# Police ATS testing?



## Jarnhamar (27 Jan 2006)

Hey guys have a question.

A friend of mine is suposed to do the police ATS testing and I'm trying to kick her in the ass and get her to start working out.  I think, like many recruits to the cf (who fail) she has the mentality that if she just tries really hard she will pass.

Anyways, I can't seem to find the actual physical requirements for the ATS testing. Can someone help me out?
Like, level 6.5 on the shuttle run, 10 push ups 10 sit ups, draggong a 100 pound dummy around or something like that?

What's the actual requirements to pass the test?

Thanks


----------



## 48Highlander (27 Jan 2006)

That's basicaly it.  6.5 shuttle run.  there's no pushups or situps, but there is a weight-test, which can't really be simulated unless you have the equipment.  it's designed to test your ability to restrain a struggling suspect, and as long as she's not a total weakling, she should do ok.  Other than that, you do 4 laps of a 25 meter track, on every lap you climb a set of stairs, and on every second lap you hop a 4' wall.  Has to be done in something like 2 minutes.

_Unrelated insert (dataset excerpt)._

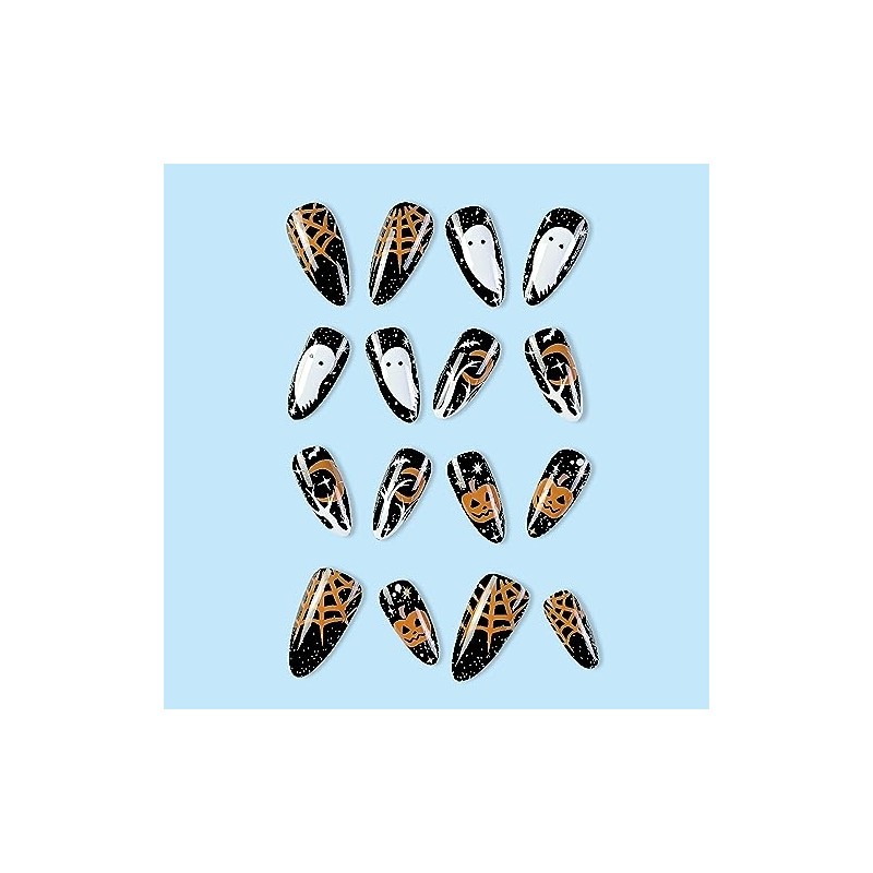 Halloween Press on Stiletto Fake Nails - Black Full Cover Ghost Pumpkin Spider Web False Nails with Moon Stars Glossy Designs - 24 Pcs

If you want my opinion, it's a really easy test.  When I did it I was somehting like 20lbs overweight and hadn't gone for a run in a few months, and I still passed it.  I only saw two people fail - one was a complete lard-ass and failed the beep test, the other guy was built like a twig and could barely even move the weights.


----------



## Thompson_JM (27 Jan 2006)

http://www.applicanttesting.com/

Thats the official Site with all the info you will need.

hope that helps!

Cheers
     Josh


----------